§ Data in this exercise
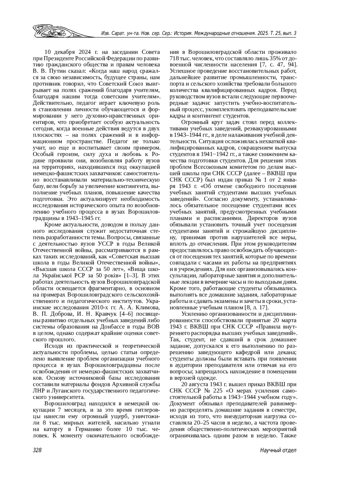 21. Борщевская Н. Накануне учебного года в пединституте // Ворошиловградская правда. 1943. 26 сентября. № 156. С. 4.
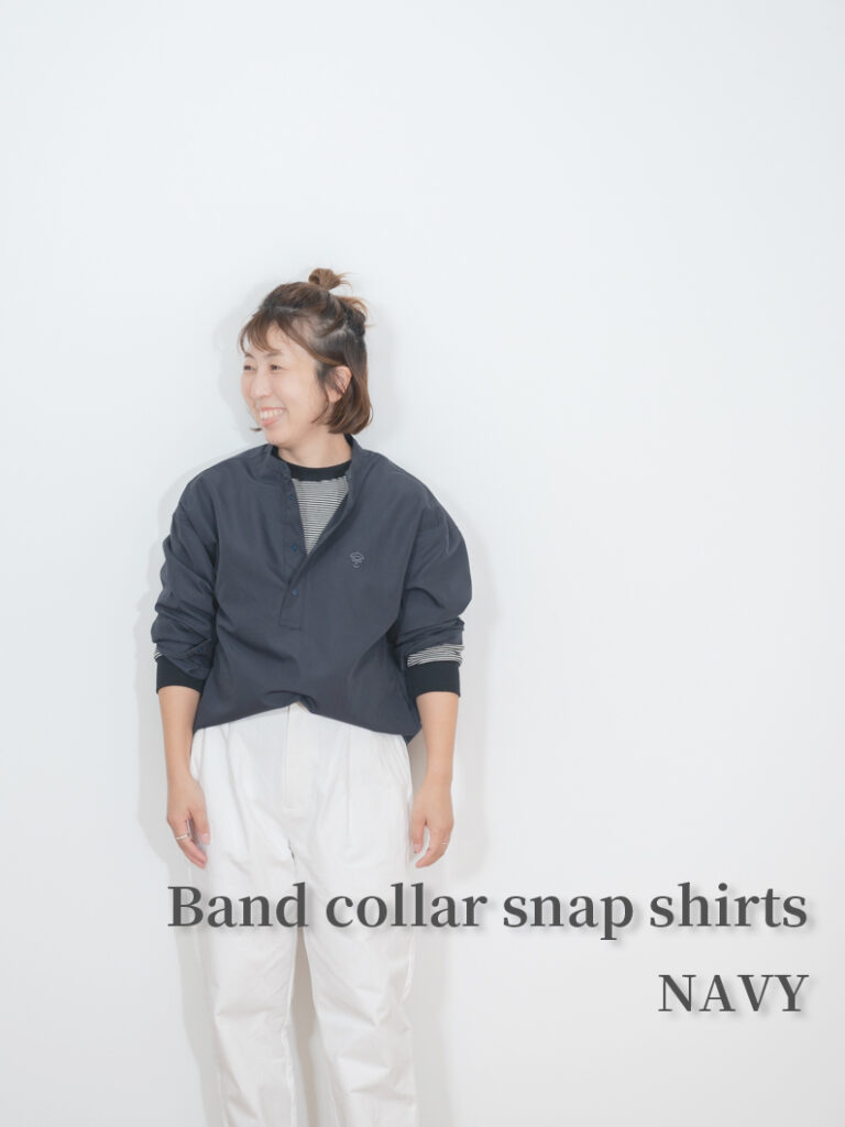 Band collar snap shirts NAVYを使用したコーディネート。 STAFFつぼの 153cm
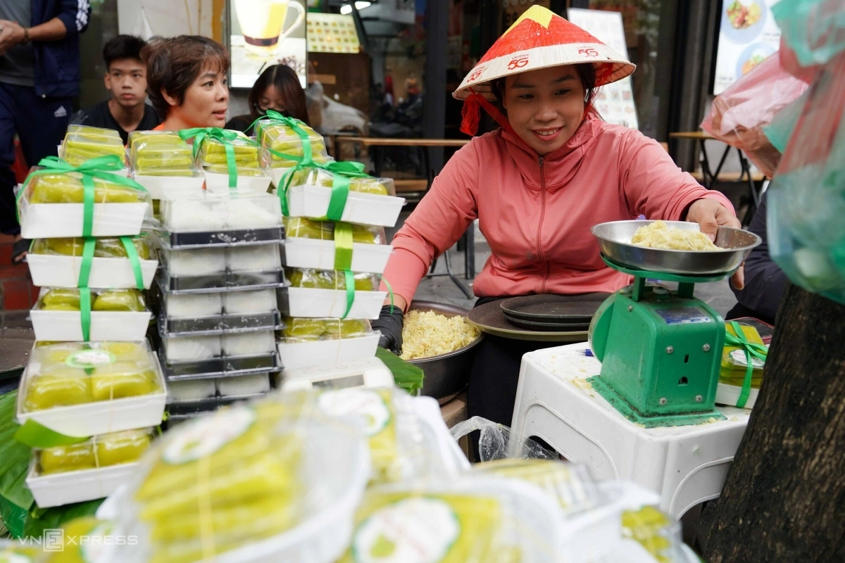 Sản phẩm cốm năm nay không đổi, chủ yếu vẫn là xôi, bánh cốm. Lượng hàng tiêu thụ tăng đột biến nên chị phải nhập thêm từ làng cốm Mễ Trì.
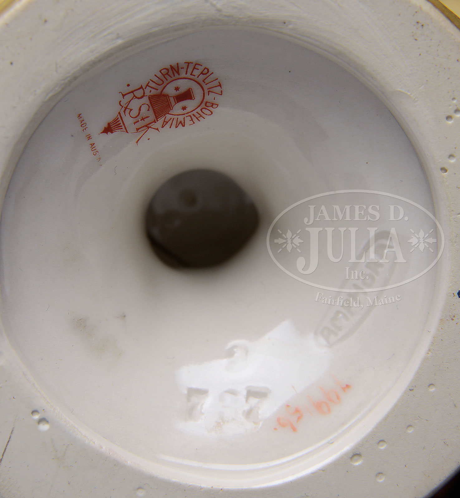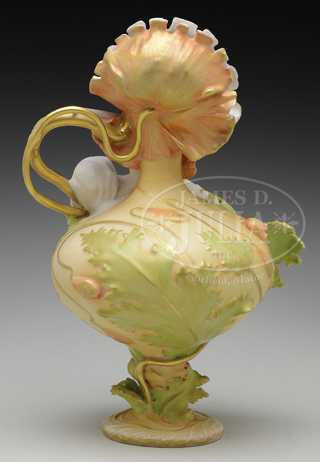 AMPHORA FEMME FLEUR FIGURAL VASE.Amphora figural vase with swirled wave pedestal foot is in the form of a reclining maiden holding gilded stems while emerging from green floral buds and salmon colored flower blossoms, all with gilded highlights. Signed on the underside with red “RStK” logo and “799/56” with impressed “737 2 AMPHORA”. The model is pictured in the book Monsters & Maidens Collectors Edition by Dr. Byron Vreeland, p.151. SIZE: 11″ t. CONDITION: Very good to excellent. 51967-5 (1,000-1,500) – Lot 1665
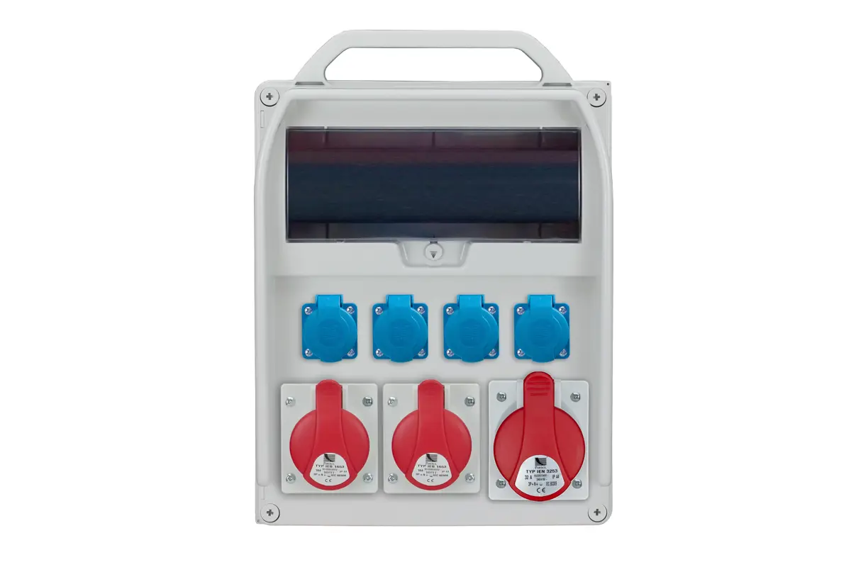 R-BOX 380R, PG21, ABS, IP44 4x16A/250V 2x16A/5p 1x32A/5p Rozmery: 310/435/156mm Balenie: 1ks
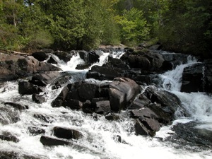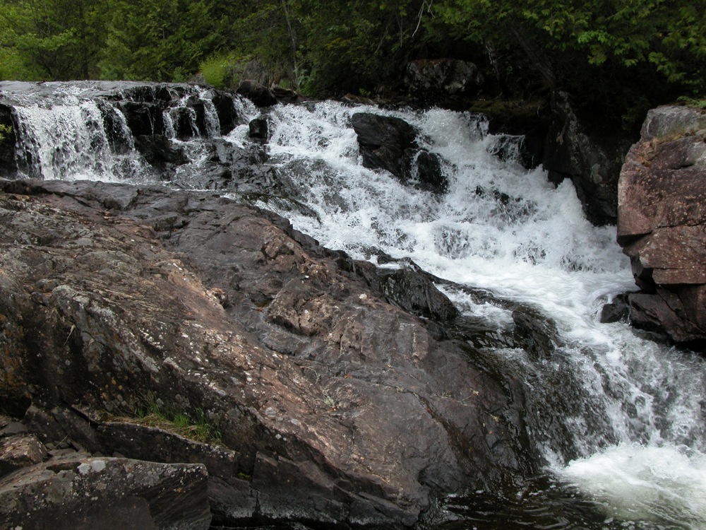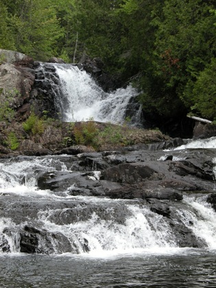This is one of two wild waterfalls located on the Thessalon River between Carpenter Lake and Slide Lake. As far as I know neither of these falls has an official name. This is the upper of the two, and so I am calling it Upper Thessalon Falls. The falls consists of one big steep drop of about 5m, with some smaller cascades below, and a long series of cascades above the main drop. You can climb up the side of the big drop and walk along the river to see all the cascades up to the outlet of Slide Lake.
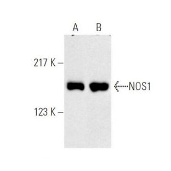 mouse monoclonal IgG1; NOS1 Antibody (A-11) is an IgG1 κ mouse monoclonal NOS1 antibody (also designated bNOS antibody or nNos antibody) that detects the NOS1 protein of mouse, rat and human origin by WB, IP, IF and ELISA. NOS1 Antibody (A-11) is available as both the non-conjugated anti-NOS1 antibody form, as well as multiple conjugated forms of anti-NOS1 antibody, including agarose, HRP, PE, FITC and multiple Alexa Fluor® conjugates. Nitric oxide (NO) has a broad range of biological activities and has been implicated in signaling pathways in phylogenetically diverse species. Nitric oxide synthases (NOSs), the enzymes responsible for synthesis of NO, contain an N-terminal oxygenase domain and a C-terminal reductase domain. NOS activity requires homodimerization as well as three cosubstrates (L-arginine, NADPH and O2) and five cofactors or prosthetic groups (FAD, FMN, calmodulin, tetrahydrobiopterin and heme). Several distinct NOS isoforms have been described and been shown to represent the products of three distinct genes. These include two constitutive Ca2+/CaM-dependent forms of NOS, including NOS1 (also designated ncNOS) whose activity was first identified in neurons, and NOS3 (also designated ecNOS), first identified in endothelial cells. The inducible form of NOS, NOS2 (also designated iNOS), is Ca2+-independent and is expressed in a broad range of cell types.

§ Task brief
Look above for the line with "R-BOX 380R, PG21, ABS, IP44" and the line with "This is one", then restate exactly those two lines and all lines between them, with no pictures.

§ Result of this task
 R-BOX 380R, PG21, ABS, IP44 4x16A/250V 2x16A/5p 1x32A/5p Rozmery: 310/435/156mm Balenie: 1ks
This is one of two wild waterfalls located on the Thessalon River between Carpenter Lake and Slide Lake. As far as I know neither of these falls has an official name. This is the upper of the two, and so I am calling it Upper Thessalon Falls. The falls consists of one big steep drop of about 5m, with some smaller cascades below, and a long series of cascades above the main drop. You can climb up the side of the big drop and walk along the river to see all the cascades up to the outlet of Slide Lake.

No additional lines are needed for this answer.